The SIOP PARC Committee is pleased to announce that Dr. Jinghao Yan has been awarded the 2026 PARC Early Career Award, made possible through the generous support from the Rally Foundation for Childhood Cancer Research and the NaiKong and Irene Cheung Family.

Nephron-sparing surgery (NSS) is the standard of care for bilateral Wilms tumor (BWT), yet clinical practice lacks an objective, preoperative tool to predict surgical complexity. This gap directly affects critical decisions, including preoperative chemotherapy intensification, referral to high-volume centers, and the choice between simultaneous and staged procedures.

To address this unmet need, we propose a multicenter observational cohort study with a two-stage design: retrospective modeling followed by prospective validation. Leveraging an established national BWT cohort under the Society of Pediatric Surgery, Chinese Medical Association (CMA), we will enroll patients aged ≤18 years with pathologically confirmed BWT, standardized preoperative chemotherapy, and planned NSS. The primary outcome, “high-complexity NSS,” is defined by intraoperative tumor rupture, positive surgical margins, conversion to radical nephrectomy, gross residual tumor, failure of lymph node sampling, or a postoperative decline in renal function of ≥25%.
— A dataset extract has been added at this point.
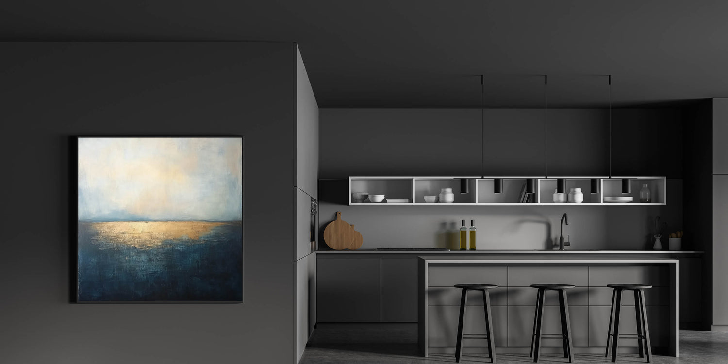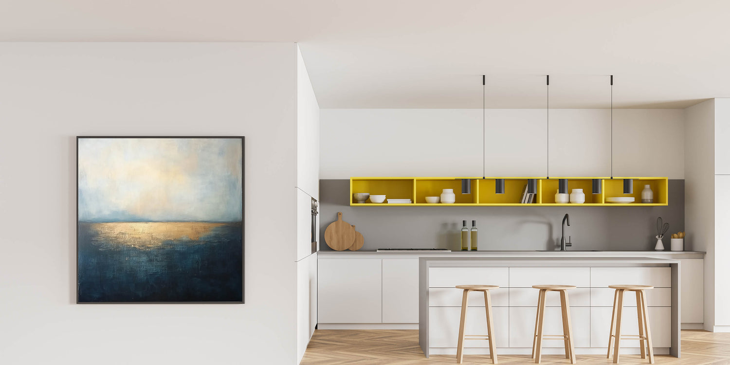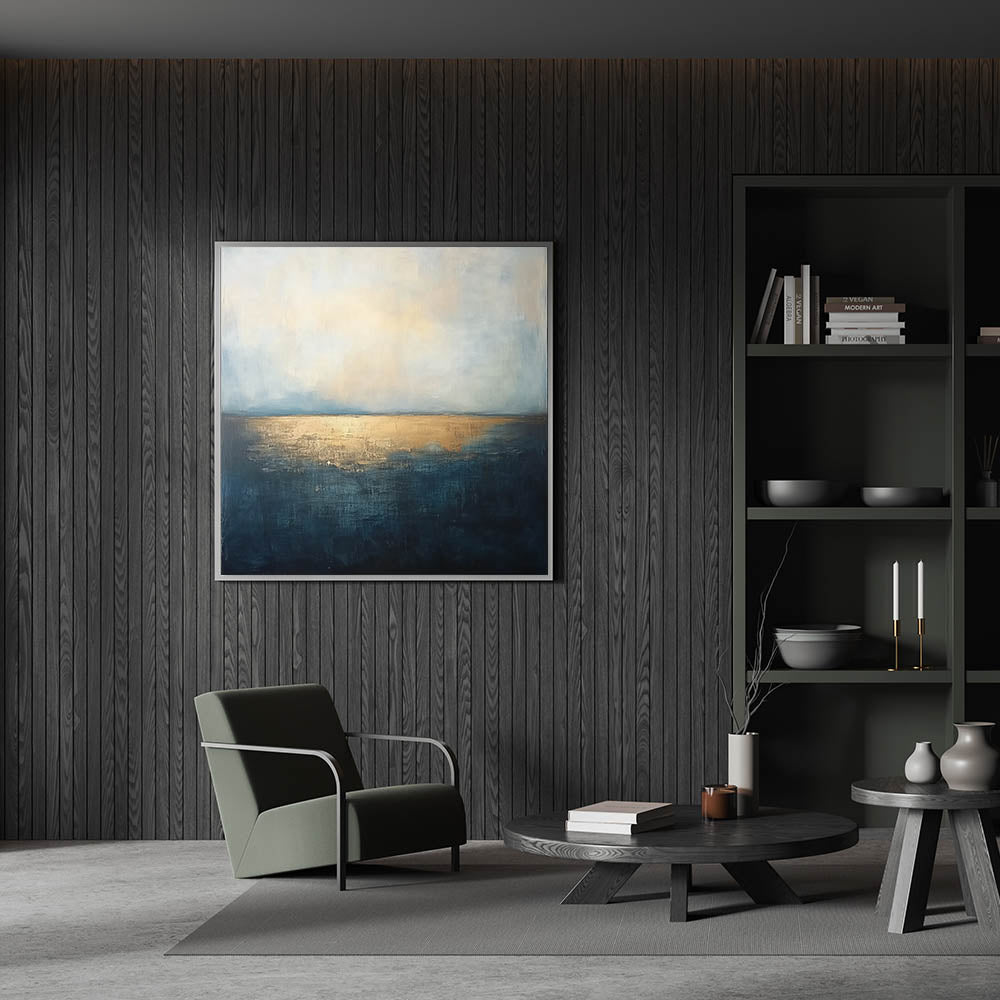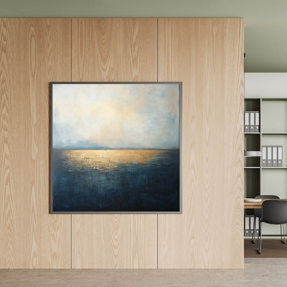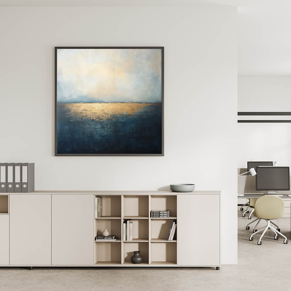 • Sophisticated Color Palette – The combination of deep blue and metallic gold adds a touch of luxury to office interior art.

We will extract radiomics features (morphological, first-order, texture, and wavelet) from preoperative contrast-enhanced CT images and combine them with clinical variables. After feature selection using ICC consistency and LASSO regression, multiple machine learning algorithms (regularized logistic regression, random forest, SVM, and XGBoost) will be trained on 70% of the cohort and validated on the remaining 30%, with external validation using an independent dataset.

This research will strengthen the CMA cooperative group in five ways. First, it introduces state-of-the-art radiomics and machine learning methods to CMA, building local capacity in image segmentation, feature extraction, and predictive-tool development. Second, as the first pediatric oncology center from western China—a low-income region—to participate in this CMA cohort, our site will contribute real-world data that helps close the current gap in regional representation. Third, the resulting predictive model will serve as a practical triage tool for resource-limited centers, enabling timely referral of high-complexity cases to high-volume institutions and thereby improving patient safety and outcomes. Fourth, the project establishes a standardized surgical-complexity assessment framework—using predefined perioperative endpoints—that can be adopted across all CMA centers for uniform outcome reporting in future surgical studies. Finally, the mentorship and collaboration model developed through this project will create a replicable template for future multicenter research, strengthening CMA’s research infrastructure and fostering sustained partnerships between eastern and western China.

Bio

Dr. Jinghao Yan is an attending surgeon specializing in neonatal surgery and surgical oncology at Xinjiang Children’s Hospital, and a recent MD graduate of Capital Medical University, where he completed clinical training at its affiliated Beijing Children’s Hospital. His research focuses on bilateral Wilms tumor, integrating radiomics and machine learning to predict surgical complexity. He has published multiple peer-reviewed articles on Wilms tumor outcomes and is a core member of a national multicenter BWT cohort. As the first surgeon from western China—a low-income region—to join this cohort, he is committed to bridging regional disparities and advancing data-driven surgical decision-making.